Anti-war action at C-Fest
Local anti-war activists plan to mobilize at this year’s National Cherry Festival with a number of “counter-recruitment” activities to discourage local youth from signing up with the military.
A training session in Traverse City last week advertised “All welcome, especially draft-age high school youth.” The plan is to leaflet the Cherry Festival with information on the risks of a military career.

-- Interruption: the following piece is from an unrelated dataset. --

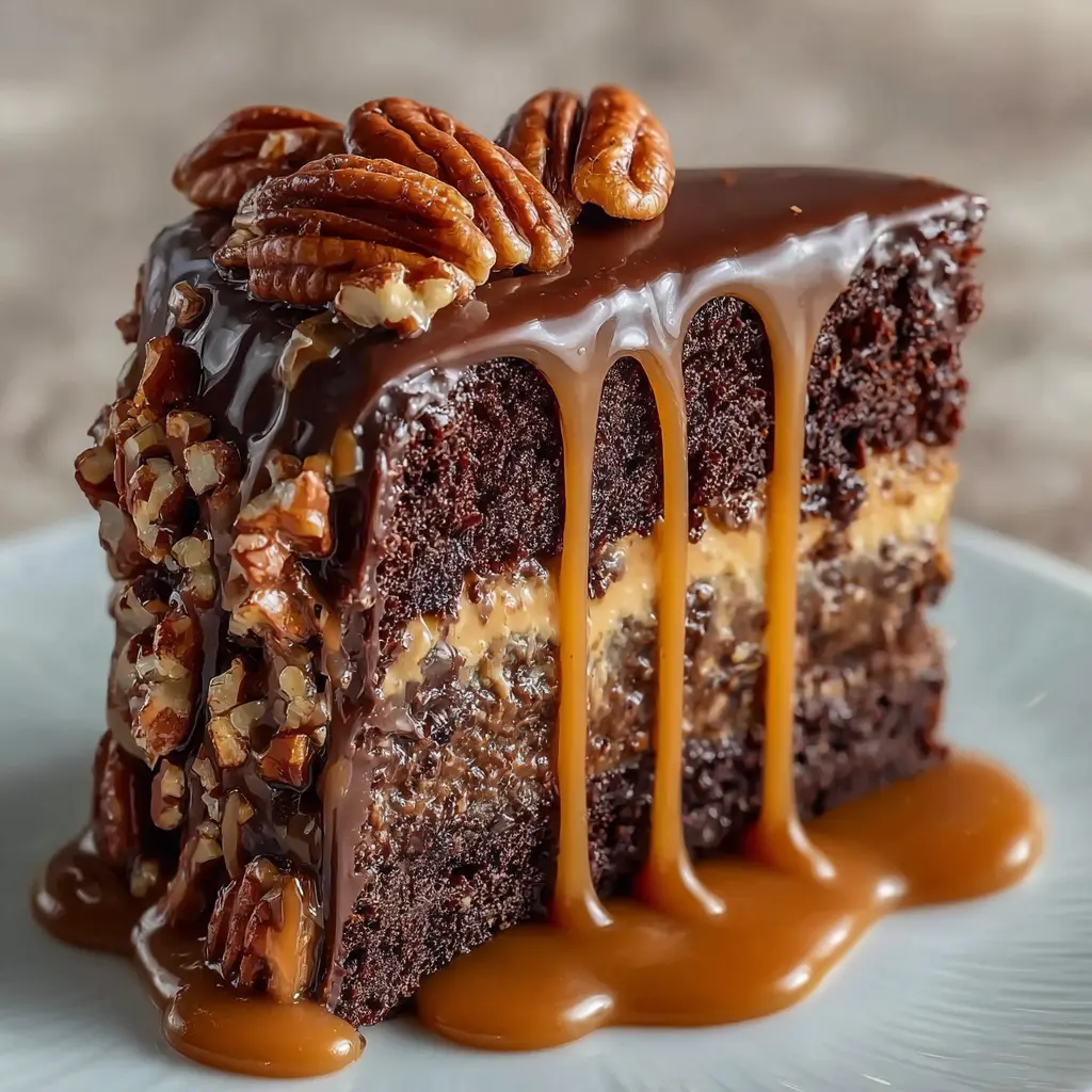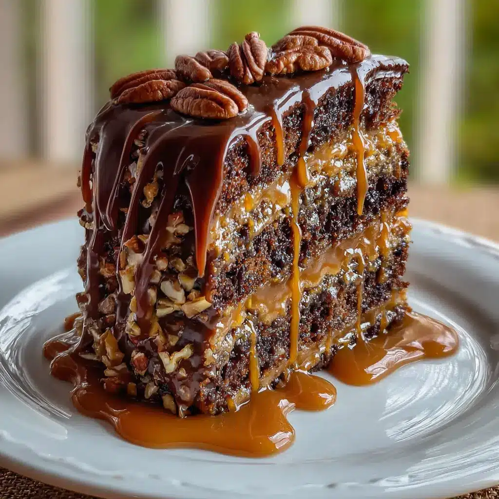 This Chocolate Caramel Pecan Cake is a decadent dessert featuring layers of rich chocolate, smooth caramel, and crunchy pecans.
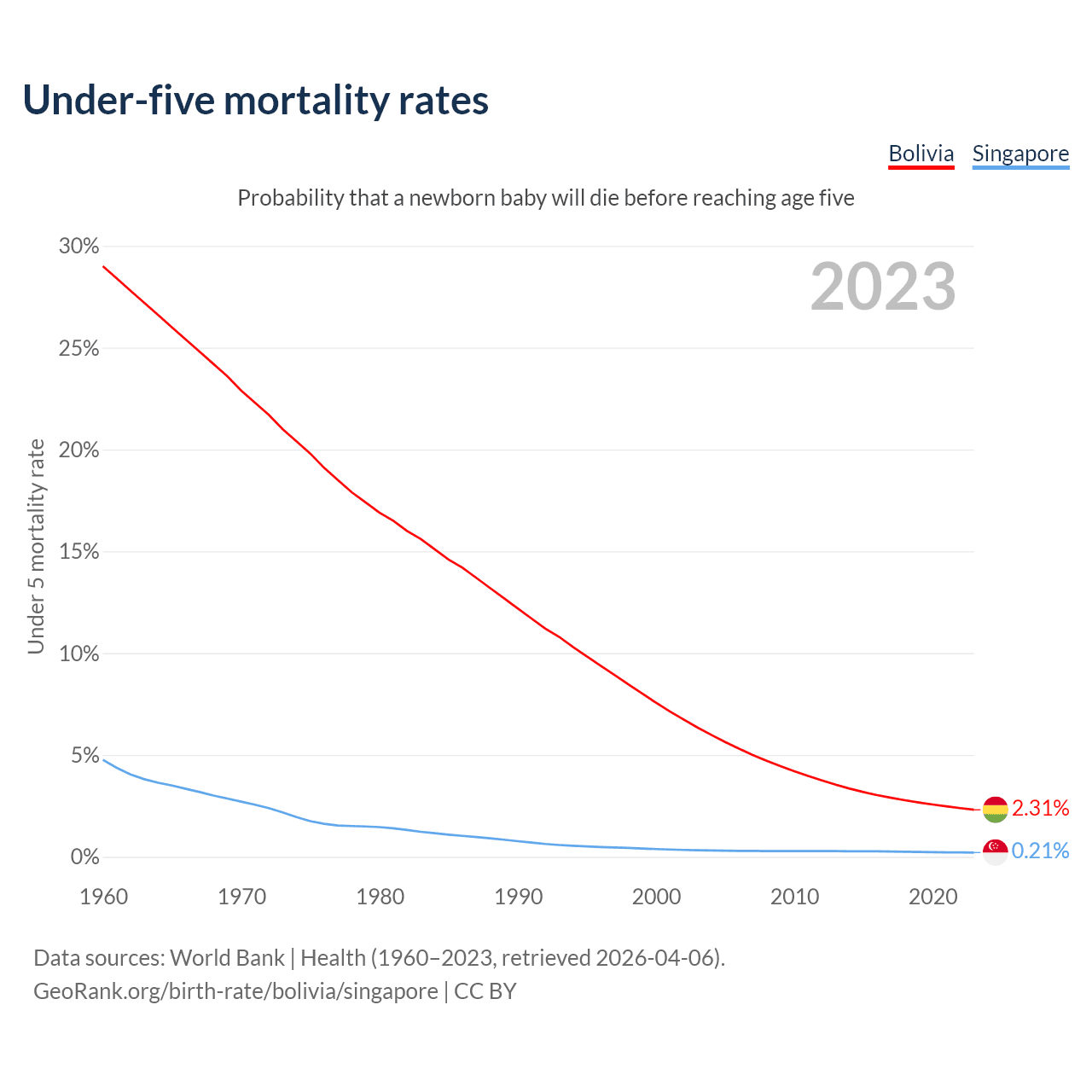 The chance that a newborn baby will die before reaching age five is 2.31% in Bolivia and 0.21% in Singapore. Above is a chart with historical data on under-five mortality rates.

All branches of the military recruit at the Cherry Festival with booths, give-aways and gimmicks to entice young people to sign up. Protesters claim that the military is being glamorized at the festival, noting that the U.S. Army’s 182nd Transportation Company will act as grand marshals of the Cherry Royale Parade.

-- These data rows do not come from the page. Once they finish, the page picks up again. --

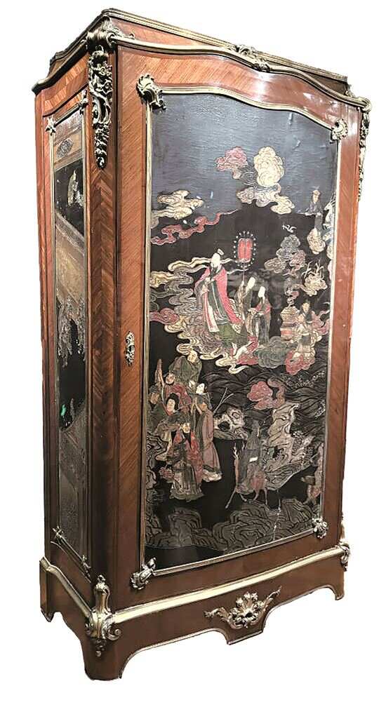 路易十五时期,中国漆屏与漆板,以鲜明色彩与生动构图契合洛可可风格,广受欢迎。这时候的五斗柜或其他家具的正面镶嵌了18世纪初的中国漆板,饰有各种植物缠绕的图案,特别是牡丹,鸟儿在其间飞舞。
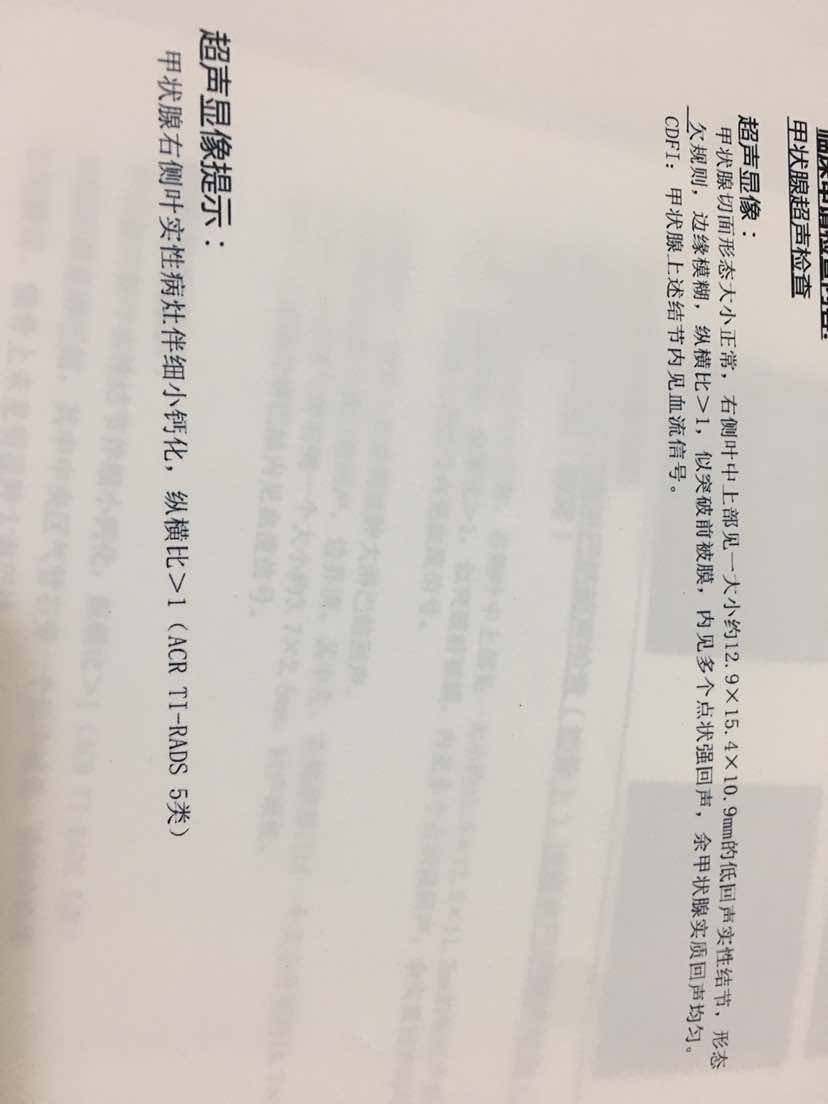 1月4号,又去门诊开住院证,我把我CT的结果给她,她说你这个肺部没什么事呢,甲状腺要查一下。然后给我开了甲状腺彩超的单子,(当时我还不以为然,我就想结节不是谁都会有吗?)然后检查甲状腺的时候,正是他们在教学,彩超医生说那要做手术。我听见了心里一紧。做完慌慌的出来了,拿到单子上面写着5类。风湿科医生看了说你赶紧去乳甲外科叫他们跟你加个号,你这个恶性程度很大。我就去乳甲外科,刚好有个教授刚好看完,我说我要加号,他说你什么情况,给我看一下,我把彩超给他。我问他严不严重啊?他说你就算是恶性切了就没事了。然后说你有两个方案,保守点先穿刺看结果,也可以直接手术,术中快速冷冻看结果。
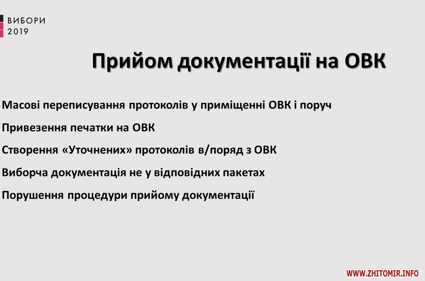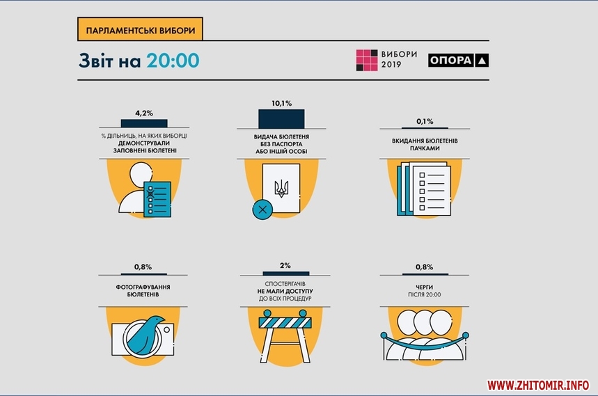 У день голосування спостерігачами ОПОРИ у Житомирській області було зафіксовано понад 200 випадків порушення законодавства: нестача скриньок для голосування, процедурні порушення членами ДВК, фізичне перешкоджання роботі спостерігача та підробка виборчого документу.
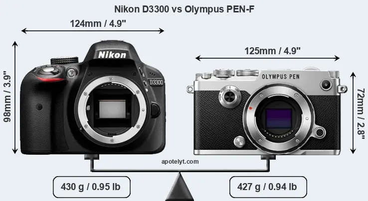 An illustration of the physical size and weight of the Nikon D3300 and the Olympus PEN-F is provided in the side-by-side display below. The two cameras are presented according to their relative size. Three successive views from the front, the top, and the rear are shown. All width, height and depth dimensions are rounded to the nearest millimeter.
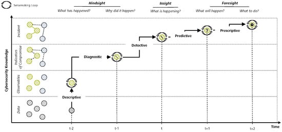 As described above, we consider security analytics as big data analytics from a cybersecurity perspective, distinguishing between analytical operations, namely, descriptive, diagnostic, detective, predictive, and prescriptive [3,15]. We define all analytical operations as , whereby holds the respective results of one analytical operation (generated knowledge). Additionally, analytical operations O yield subsets, i.e., analytical operations categories: . We consider all analytical categories, as we provide an approach to holistically integrating security analytics. Digital-twin-based security analytics involves knowledge and bidirectional communication with the physical environment.

According to an organization called No Draft No Way, enlistments are down 30%. ”For the past four months the Army and the Marine Corps have missed their recruiting goals,” the group claims. “The Army missed its April target by 42 percent, and missed its May target by 25 percent, even after adjusting that target halfway through the month.”

Bihlman wins EMMY
Singer-songwriter and bluesrock guitarist Jeff Bihlman of the Bihlman Bros. was awarded the coveted National Television Academy’s EMMY award on June 25 at Ford Field in Detroit. A resident of Interlochen, Bihlman won the award for for writing the score of the documentary “Remembering the Carl D. Bradley” which aired on TV 9 Christmas Eve 2004.
Bihlman has written for a number of film and TV projects since the Bihlman Bros. went on hiatus two years ago. He also performs solo at venues throughout the region and with the grunge tribute band, Alice Pearl Garden.

The TART Plan
TART (Traverse Area Recreation and Transportation) has adopted a five year plan to advance the network of biketrails in the Grand Traverse-Leelanau area, boosting public awareness and its fundraising effort.

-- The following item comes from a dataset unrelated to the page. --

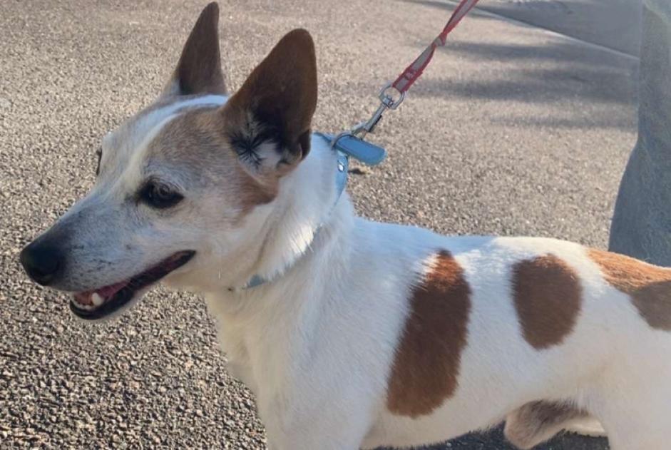 Chien trouvé à Rosières-près-Troyes Chien Race: Jack Russell Terrier Sexe: Mâle Taille: 30cm Poids: 8kg Couleur: Blanc / Roux
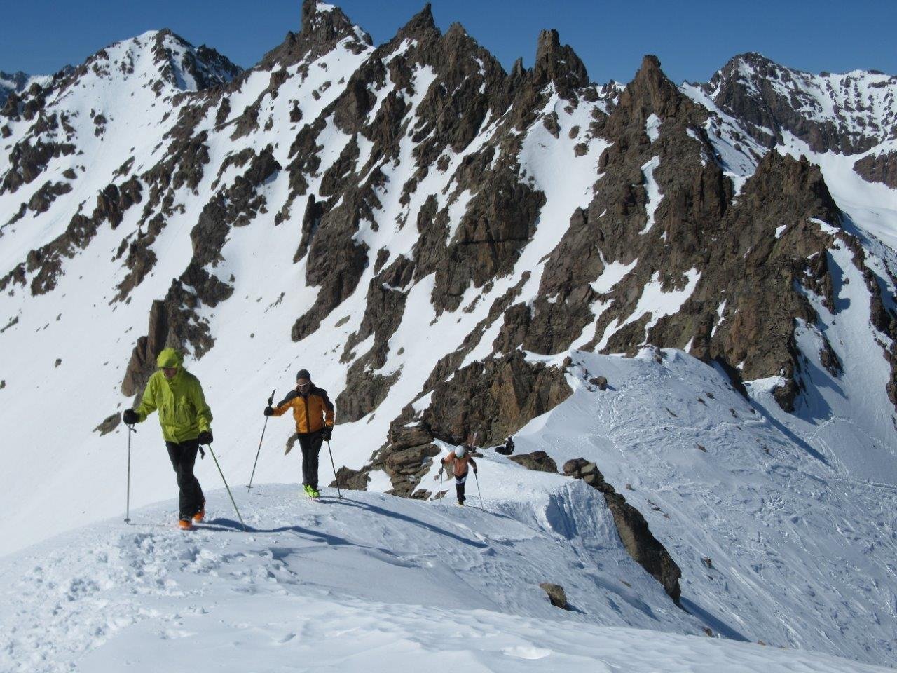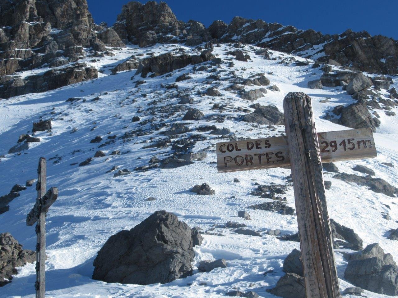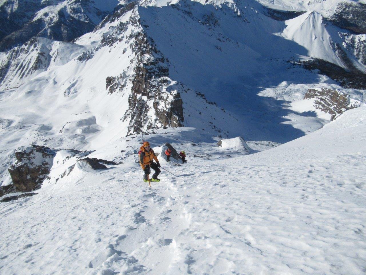 | smarchio | In vista del Col de Portes | smarchio | Dal Colle, vista della dorsale di salita verso il canale NW | smarchio | Pausa al Colle (sole e poco vento, ma tanto freddo) | smarchio | Circa 3050m - in vista del canale NW | smarchio | Sempre da 3050m sguardo verso valle (percorso appena salito) | smarchio | il TRAVERSO sul versante SE | smarchio | e il canale finale verso la vetta | smarchio | con uno sguardo verso valle (le rocce circa 50 m sotto nascondono il TRAVERSO) | smarchio | La compagnia in VETTA (foto scattata da un alpinista francese giunto in vetta che ringraziamo) | smarchio | la discesa nella parte alta

In a nutshell, TART hopes to:
• Complete a two-mile trail along the east side of Boardman Lake in 2005.
• Pave the remaining 8.5 miles of the the Leelanau Trail completely by 2010-2012.
• Create a 5.5-mile road shoulder trail from Acme to Williamsburg/GT Resort by 2008.
A fundraising Tour de TART will be held Friday evening, July 22 starting at 5-7 p.m., and riding 19 miles from McLain Cycle on 8th Street in TC to Suttons Bay Marina with a buffet dinner at the end. It‘s $20 to ride and $45 for families. Brochures are available at local bike stores or see www.traversetrails.org.

Picturing the Jordan
The Friends of the Jordan are hosting a photo competition this summer, inviting shutterbugs to capture the beauty of the Jordan River Valley in Antrim County. Photos must be taken within the Jordan River Watershed and may depict any aspect of the environment: plants, animals, scenery and activities in any season.
The group hopes to raise public awareness on the value of the river valley, and to relaunch its own effort as a watchdog organization. Grand prize is $250 with three other $100 prizes. Sponsors include the Charlevoix State Bank and Jordan Valley Animal Clinic.
Entries must be received by August 27. To get involved, see www.friendsofthejordan.org or pick up an entry form at the East Jordan Chamber of Commerce or Animal Clinic.